State auditors (also known as state comptrollers, state controllers, state examiners, or inspectors general) are fiscal officers lodged in the executive or legislative branches of U.S. state governments who serve as External auditors, financial controllers, bookkeepers, or inspectors general of public funds. The office of state auditor may be a creature of the state constitution or one created by statutory law.

Selection

Method
The mode of selecting the state auditor varies among the many states and territories. In 24 states, the state auditor is a constitutional officer elected by the voters or the state legislature for specified terms of office. For example, state auditors in California, Idaho, Illinois, Minnesota, Nevada, Pennsylvania, Texas, and Washington are elected by the voters. Maine and Tennessee are the only states where the state auditor is elected by the legislature. In the remaining states, the state auditor is appointed by and serves at the pleasure of the governor or the relevant state legislature. In those states where the state auditor is appointed by the governor, the appointment is always subject to either legislative nomination or confirmation.

Quantity
Several states have both an elected auditor serving alongside another auditor that is appointed by and reports exclusively to the legislature. Government auditing arrangements in Minnesota, Utah, and Washington reflect this model. Under such circumstances, the respective jurisdictions of the aforementioned officials is such so that their responsibilities complement one another. In the case of Washington for instance, the state auditor conducts independent audits and investigations of the fiscal condition of local governments and state agencies alike, while the legislative auditor evaluates state agency financial management and performance in support of the legislature's oversight functions. This division of government auditing responsibility is in keeping with two core principles of state and local government auditing in the United States:
A state auditor elected by the people is functionally independent from all other public officials and is therefore duly empowered to superintend and verify the condition of public accounts, funds, and resources without fear of reprisal. Barring other constitutional remedies, only the voters can remove and replace an elected state auditor. This institutional independence combats corruption and promotes government accountability directly to the electorate in the spirit of Jacksonian democracy.
A legislative auditor subject to the direction and supervision of the state legislature ensures that the legislature, which appropriates funds and establishes program goals in public policy, will ultimately review program expenditures and results. Thus, state government is accountable to the people through their elected representatives.

Powers and duties
Supervising public finances and improving the efficiency and effectiveness of public administration are the primary business of America's state auditors. However, distinctions exist in their functions. Generally speaking, external auditors and inspectors general conduct financial, compliance, or performance audits of public accounts in order to detect and prevent waste, fraud, and abuse of public funds and resources. Financial controllers, on the other hand, exist to maintain budgetary and accounting control over public spending on behalf of their respective state. In these respects, financial controllers are charged with operating the state accounting system, administering payroll, ordering or approving disbursements, enforcing internal control, and preparing financial reports, among related responsibilities.
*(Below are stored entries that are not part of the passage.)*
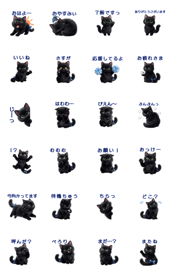 | スタンプ説明 | 大きな緑の瞳と青いリボンが目印。黒猫「ルナ」の日常スタンプです。 おしゃまでクールに見えて実は甘えん坊。 3Dのふわふわな毛並みと毎日使える挨拶でトークを彩ります。 |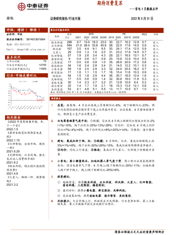 【中泰证券】【20220531】家电4月数据点评:期待消费复苏-15页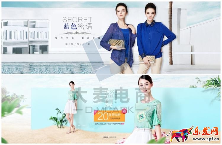 主題型海報是最常見的一種海報設計手法,營造出來的氛圍容易讓消費者產生共鳴。主題型海報就是圍繞文案的主標題設計海報。使背景、服裝、模特展現都圍繞著主題進行,相輔相成呈現一種獨有的氛圍。例如下面的兩張海報,第一張海報“藍色密語”,服飾是知性的都市白領著裝,所有背景采用藍色為主色,灰白為輔色,服飾都是藍色系列的,模特的形態展現出一種優雅、知性之美,使得海報與主題相輔相成,呈現出靜謐知性、藍色優雅的,一種時尚都市白領的感覺。第二張海報圍繞“盛夏”主題,服裝是飄逸仙氣的連衣裙,從主題中可以聯想到的是夏天、綠葉、沙灘、清涼、美女、自由等意境,海報背景采用是沙灘大海,淡淡的藍色調營造一種清涼舒適的感覺, 模特姿態也是表現出一種飄逸自在的感覺,與整個海報的格調相應襯托,突出盛夏的感覺。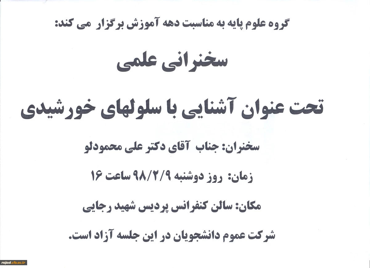 گروه علوم پایه به مناسبت دهه آموزش برگزار می کند: سخنرانی علمی تحت عنوان:(( آشنایی با سلولهای خورشیدی)) 2
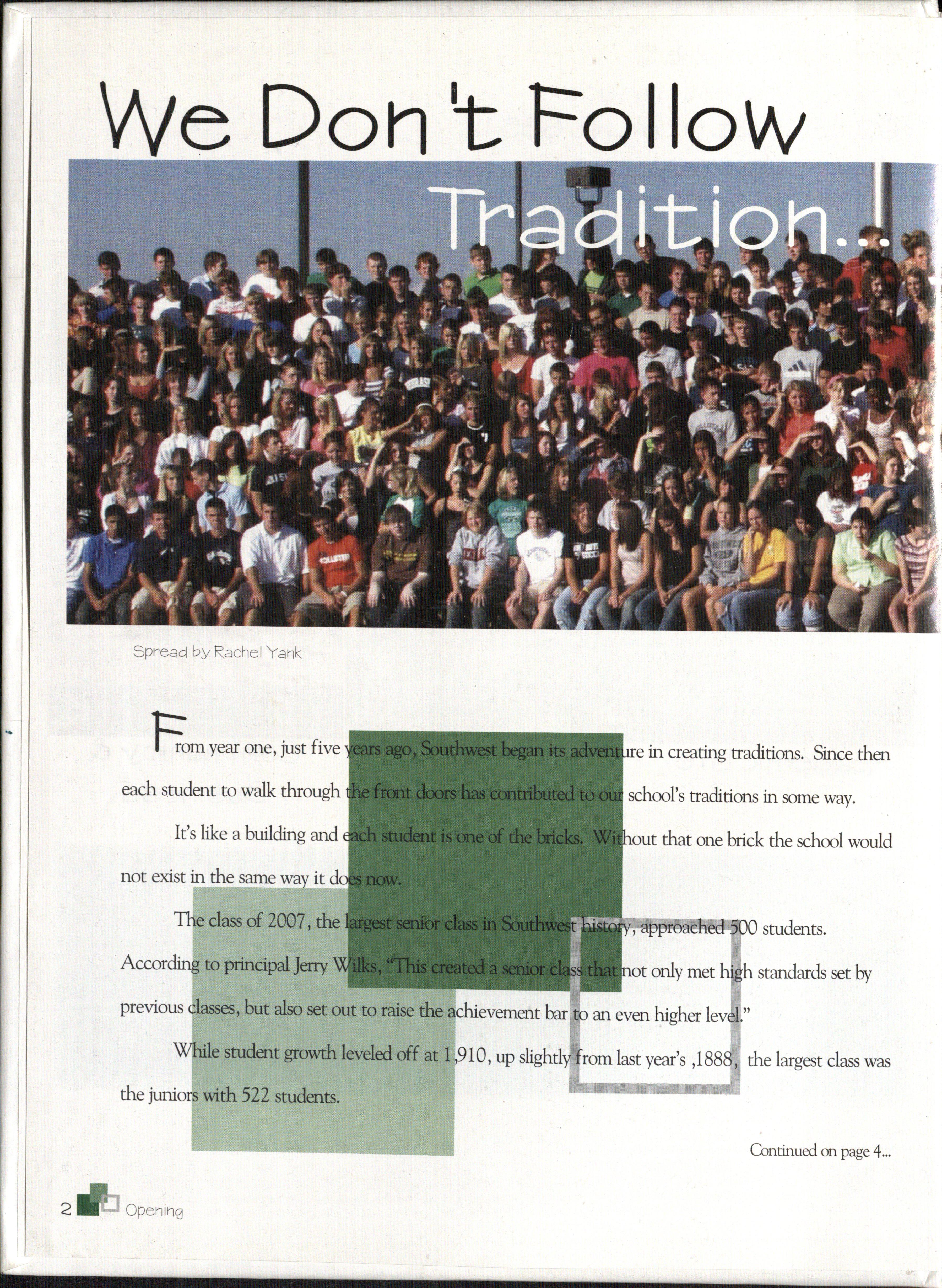 The year began Aug. 28 with the welcoming have homework again." She wasn't alone. of freshmen. With the school all to themselves, the While some classes were just beginning their class of 2010 learned where their classes were and high school experience, others were coming to an prepared themselves for high school life without end. With three years under their belt, the class of the upperclassmen. 2007 began their senior year.

Variations on the conceptual models
Public organizational theory and state law do not always clearly distinguish the functions of America's state auditors based on their official titles. In fact, the elected financial controllers in Arkansas, Indiana, South Dakota, and Wyoming are designated as "state auditor. Meanwhile, New Jersey's inspector general is named the "state comptroller" and Tennessee's external auditor is constitutionally the "comptroller of the treasury". This etymological discrepancy is the result of the government accounting profession evolving over the course of American history and provides, in part, for many variations on the conceptual models. Some state auditors perform functions altogether unrelated to public-sector accounting or auditing. Of note, New York combines the normally disparate functions of government accounting and government auditing into its elected state comptroller, with the incumbent also managing public pensions and investing state funds. No other state or territory consolidates so much financial power into a single state auditor. 

On the other hand, some states constrain the authority of their auditors to specific functions. For example, the bulk of the Alabama state auditor's responsibilities entail inventorying state personal property, with only a limited role for financial audits of the state treasurer's and state comptroller's accounts. South Dakota's state auditor is broadly responsible for preauditing state agency claims and vouchers, issuing warrants on the state treasurer to pay funds out of the treasury, and administering payroll. However, no other functional responsibilities within the government machinery applicable to financial controllership have been assigned to the South Dakota state auditor. Rather, a separate state agency under the direction of the governor maintains the state accounting system, develops and maintains internal controls, and preparing financial reports, in addition to preparing and administering the state budget. Montana's state auditor does not even audit public funds or maintain fiscal control over the state treasury in the traditional sense. Rather, the auditorregulates Montana's securities and insurance industries.

Scope of audit authority
For the majority of states where the state auditor audits public accounts, their scope of authority encompasses all state agencies. In a plurality of these same states, the auditor's  jurisdiction also extends to local governments. Government auditing arrangements are unique in Illinois, Minnesota, New Jersey, and West Virginia however with respect to the fact that their respective state auditors primarily or exclusively audit local governments. In the case of the Illinois comptroller and West Virginia state auditor, these elected state auditors also serve as financial controllers of state agencies. To the contrary, New Jersey's state comptroller functions as an inspector general for the executive branch of state government and is a member of the governor's cabinet. Minnesota is particularly unique. In that state, the state auditor, who is elected, is the only state auditor in the United States to broadly supervise and audit the fiscal concerns of local governments. In fact, nearly 5,000 local governments which altogether spend some $40 billion annually come under the state auditor's purview. With that said, the state auditor's authority over state agencies extends only to the statewide single audit of federal funds spent by state agencies and their subrecipients. A separate legislative auditor appointed by and reporting to the state legislature is responsible for audits and evaluations of state agency financial management and performance.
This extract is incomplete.